Suppose now we would like to count how often letters occur in a given word or text, while (still) disregarding their order. A multiset would be an appropriate data structure to accomplish this. For example, the above word “learner” corresponds to the multiset

1
{ a, e, e, l, r, r, n }

Notice that the word “learn” would be represented by a different multiset, namely

1
{ a, e, l, r, n }

So multisets make finer distinctions than classical sets.

A more concise way to represent a multiset is by means of key-value notation. In this notation, our multiset representation of the word “learner” would be written as

1
{ a: 1, e: 2, l: 1, r: 2, n: 1 }

In a programming context, the elements of a set (be it a classical set or a multiset) are often called keys. The above multiset has five distinct keys: “a”, “e”, “l”, “r” and “n”. In a multiset, each key comes with a count, the value associated with the key, which we will refer to as the score for that key. The score for the key “e” in the above multiset, for example, is 2.

Fuzzy sets

Fuzzy sets also make finer distinctions compared to classical sets. However, they generalize classical sets in a different direction. As we just saw, in a multiset, the score for a particular key represents multiplicity of membership (how many times does the key occur in the set?). In a fuzzy set, the score indicates degree of membership. So besides an element being “fully contained” in the set or “not contained”, it may also be “partially contained” in the set, so to speak.

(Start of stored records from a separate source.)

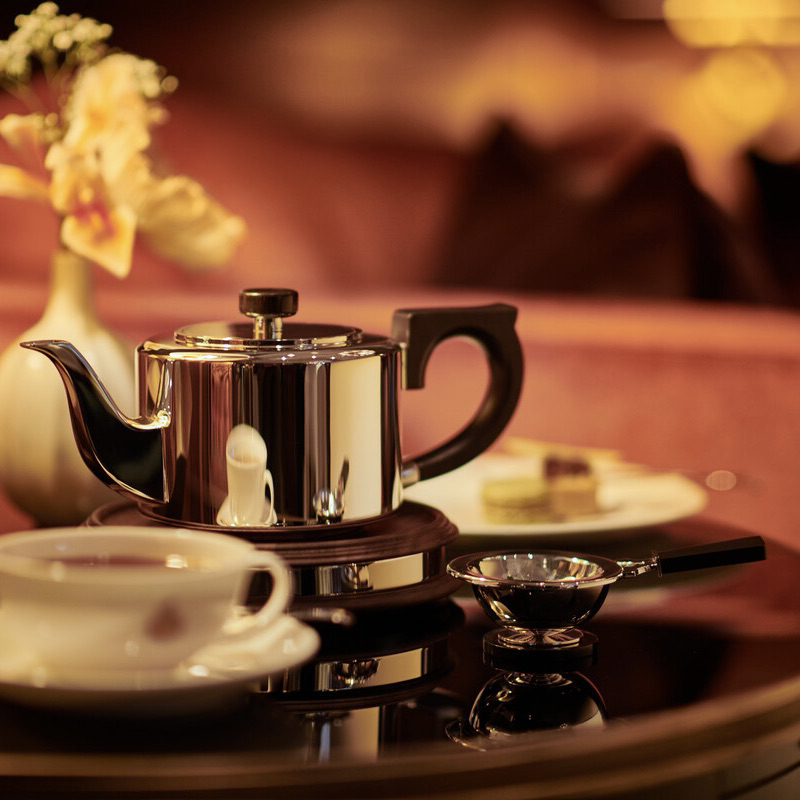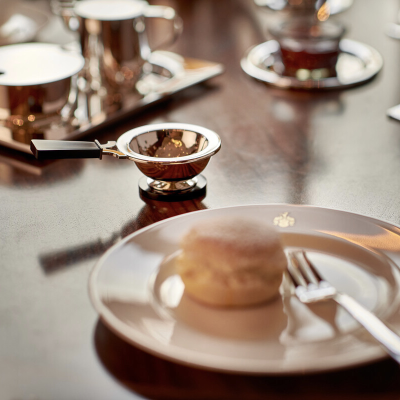 | Theezeef met Corian greep en lekbakje Verzilverd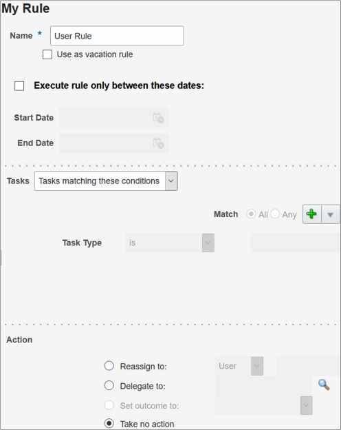 - 不执行操作:仅在创建例外规则时使用此选项。例如,假设您具有一个可重新分配所有费用报表审批的规则。但是,您希望自己审批特定员工的费用,因为您过去对他们的费用有疑问。您可以创建以该员工为条件的例外规则,然后选择不执行操作。该员工的费用报表仍将分配给您。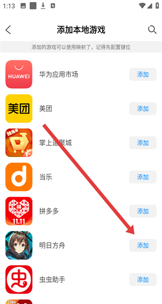 2、添加本地游戲頁面找到“明日方舟”,點(diǎn)擊右側(cè)“添加”。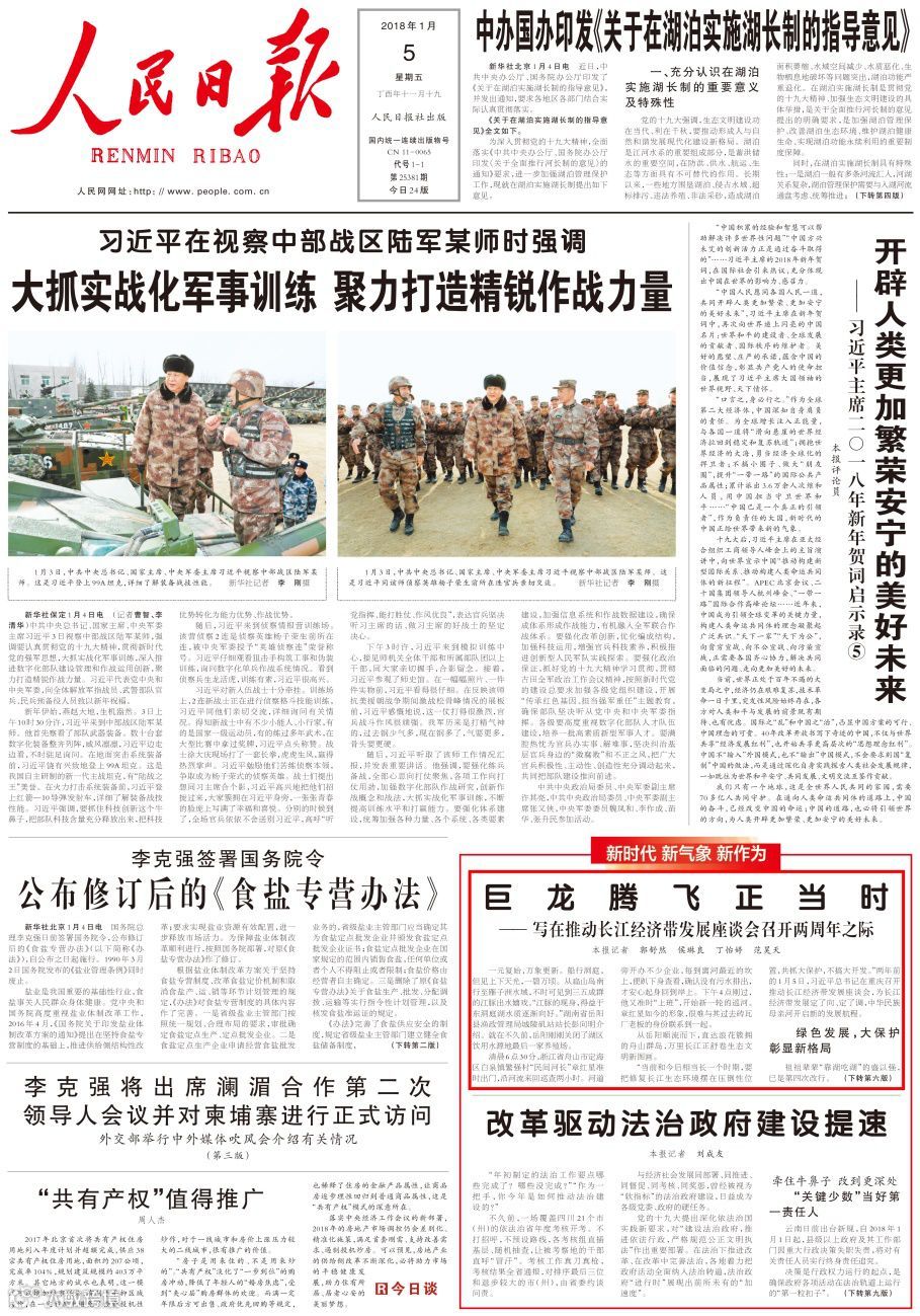 今天出版的《人民日报》头版“新时代 新气象 新作为”专栏中,刊登了长篇通讯报道《巨龙腾飞正当时——写在推动长江经济带发展座谈会召开两周年之际》,聚焦我国长江经济带发展现状。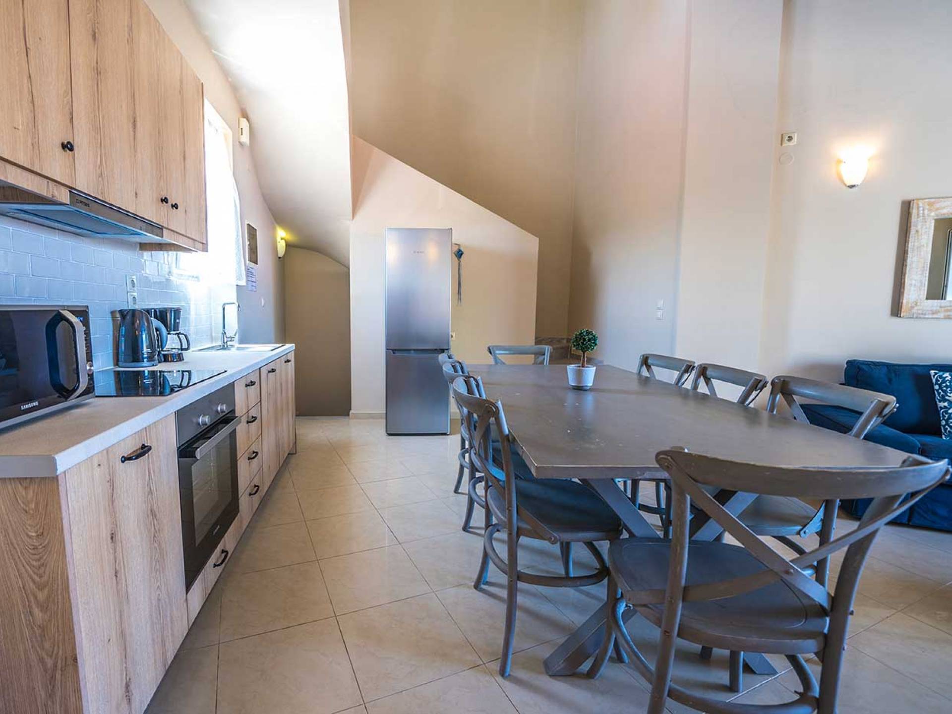 En cada villa en la planta baja, hay una gran sala de estar de planta abierta con cómodos asientos suaves, un comedor para 6 personas y una cocina totalmente equipada con electrodomésticos modernos que incluyen nevera/congelador, horno/cocina, microondas. , cafetera de filtro, etc. También hay un dormitorio con cama de matrimonio (o 2 camas individuales) y baño privado con ducha. En el Primer Piso, hay un dormitorio con una cama doble grande (o 2 camas individuales) y un baño en suite con cabina de ducha. También hay un balcón privado con impresionantes vistas.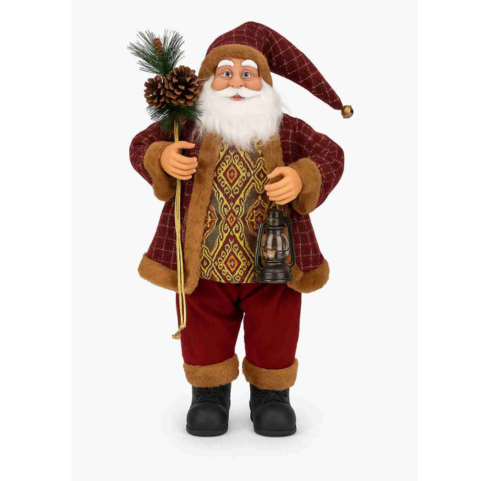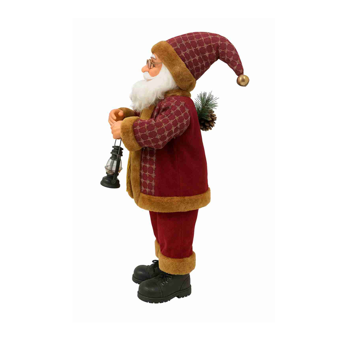 Χριστουγεννιάτικη διακοσμητική αληθοφανής φιγούρα άγιου Βασίλη με μπορντό φορεσιά με γούνινες λεπτομέρειες. Κρατάει ένα φαναράκι, και έχει στην πλάτη του κουκουνάρι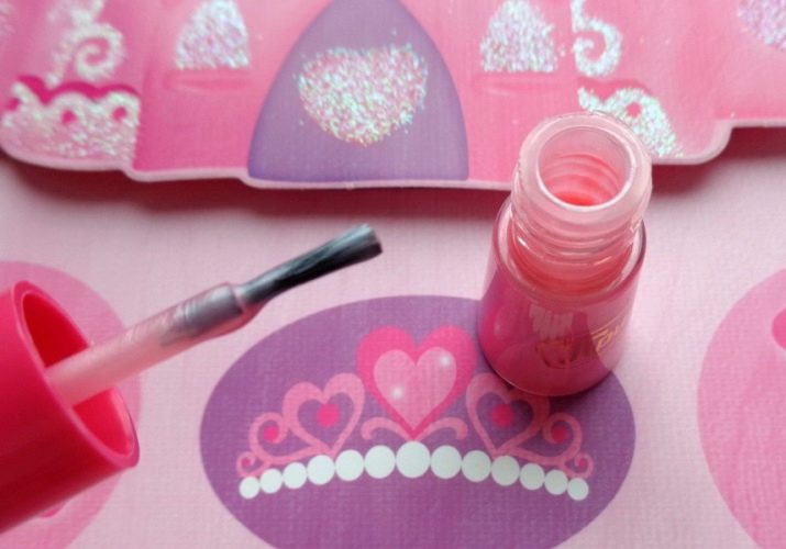 - Nail polish. The range of shades is quite wide, and even the most demanding young customer can choose the right color. Parents in this tool are attracted by the absence of a sharp chemical smell and the ability to easily wash off the varnish. Children's fragile nails do not deteriorate under a special coating. In addition, varnish is also offered for older girls - these products are characterized by increased resistance compared to varnish for the smallest princesses.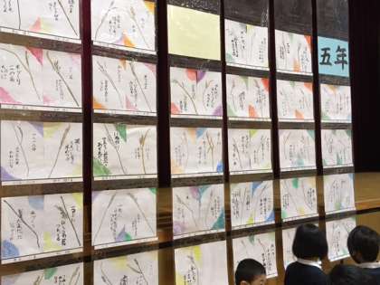 一人一人が描いた稲穂の絵と一句。「一つぶに みんなの思い つまってる」。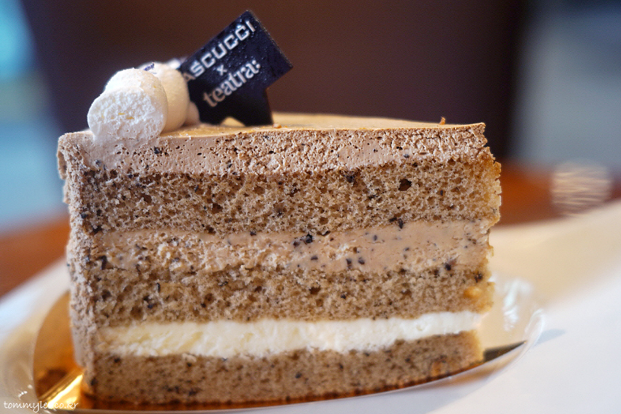 티트라 얼그레이 홍차로 맛을 낸 얼그레이 시트와 얼그레이 밀크티 크림에 화이트 가나슈가 샌드 된 케이크..

To see how this can be useful, take this example: consider the words “learner”, “learn”, “learned”, and “lean”. We might wish to capture how similar each of these words is to some other word, let’s say the word “learner” again. The similarity of “learner” to itself is perfect, since no edit (letter change) is required to transform one into the other. They are the same, after all. On to the more interesting cases: the word “learned” is very similar to “learner” – substituting the last letter will transform the former into the latter. “learn” is also very similar to “learner”, but a little less so – deleting the last two letters from “learner” results in “learner”, requiring two steps rather than one. The word “lean” is again a bit less similar to “learner”, requiring one additional deletion. So to transform each of the words given into “learner” requires:

  • “learner”: 0 edits
  • “learned”: 1 edit
  • “learn”: 2 edits
  • “lean”: 3 edits

For the sake of exposition, let us settle on 3 as the—pretty arbitrarily chosen—treshold from which onwards two words to be considered completely dissimilar, or “not similar at all”. Then we can map our edit counts to a scale from 0 to 1, and represent our findings as a fuzzy set which scores the key “learner” with 1.0, “learned” with 0.66, “learn” with 0.33 and “lean” with 0.0, or, using key-value notation:

1
{ learner: 1.0, learned: 0.66, learn: 0.33, lean: 0.0 }

In this fuzzy set, the degree of each element is to be interpreted as the degree of similarity to our target word “learner”.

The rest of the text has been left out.